Other erstwhile poachers have joined the several local conservation outfits that have mushroomed around Manas, including Manas Maozigendri Ecotourism Society, where they volunteer as patrollers with the Assam forest department. “Their tracking skills really come in handy for this,” Rustom Basumatary, general secretary of the society comments. “We dream of Manas becoming a sustainable tourist destination so that local people have an even greater stake in its conservation.”

The benefits of tourism for species and environmental conservation are hotly contested. However Banerjee and other conservationists believe that sustainable tourism, and the income it provides, could create a virtuous feedback loop for Manas. “Locals also realise that over-exploiting natural resources in their environs could lead to not only reduced tourism revenues but greater policing by the government,” she remarks. “That is a serious disincentive.”

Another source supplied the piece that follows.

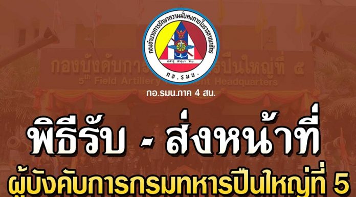 กรมทหารปืนใหญ่ที่ 5 จัดพิธีรับ-ส่งหน้าที่และมอบการบังคับบัญชา ผู้บังคับการกรมทหารปืนใหญ่ที่ 5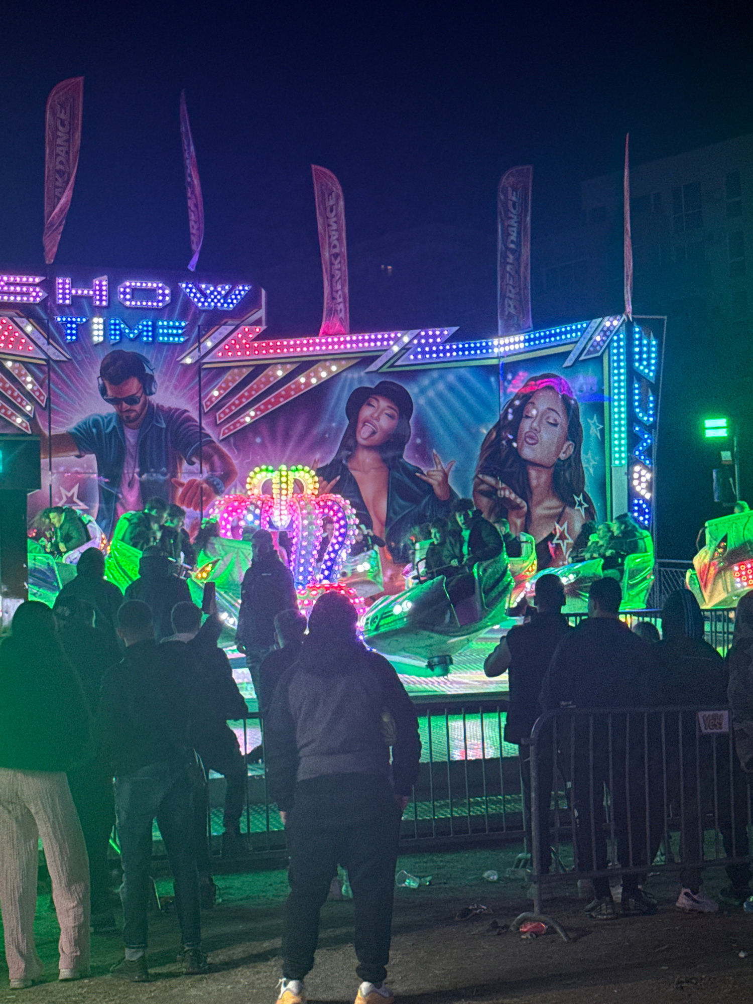 The image shows a nighttime scene at an amusement park in Plovdiv, Bulgaria. The focal point is a "Break Dance" ride, featuring vibrant neon lights, images of musicians, and spinning carriages. Severa…read more

In a state with a per capita GDP of roughly £820 ($1,120) a year, reviving Manas has cost IFAW an estimated $2.5m (£1.9m) so far. Menon says it has been worth it. As “mega-herbivores”, rhinos indicate the health of the Manas grasslands: their presence suggests the habitat is in good ecological condition, providing water, clean air and carbon sequestration. Grassland regeneration has also helped conserve species like the endangered pygmy hog and the world’s rarest bustard, the Bengal florican.

In 2003 when the Bodo Peace Accord was signed, Manas had lost its entire population of rhinos and swamp deer. In 2021 Manas was home to 52 rhinos, 48 tigers, more than 1,000 wild elephants and a number of endangered animals such as clouded leopards, pygmy hogs, hispid hares and Bengal florican.

The Manas model has been proposed as a best practice for World Heritage conservation and management in Unesco, and is spurring conservationists to identify more areas for rewilding elsewhere. “The Rann of Kutch (Gujarat), Sundarbans (West Bengal) or the Western Ghats of Central India could benefit from similar projects,” Banerjee says, provided such projects have the required intensive community support and financial resources.

Meanwhile, with his trusty binoculars and tracking gear in hand, Ontai sets off in pouring rain to track the three rhino calves that were released in April 2021. “Manas is my home,” he says. “If it thrives, we thrive. If it goes, we go.”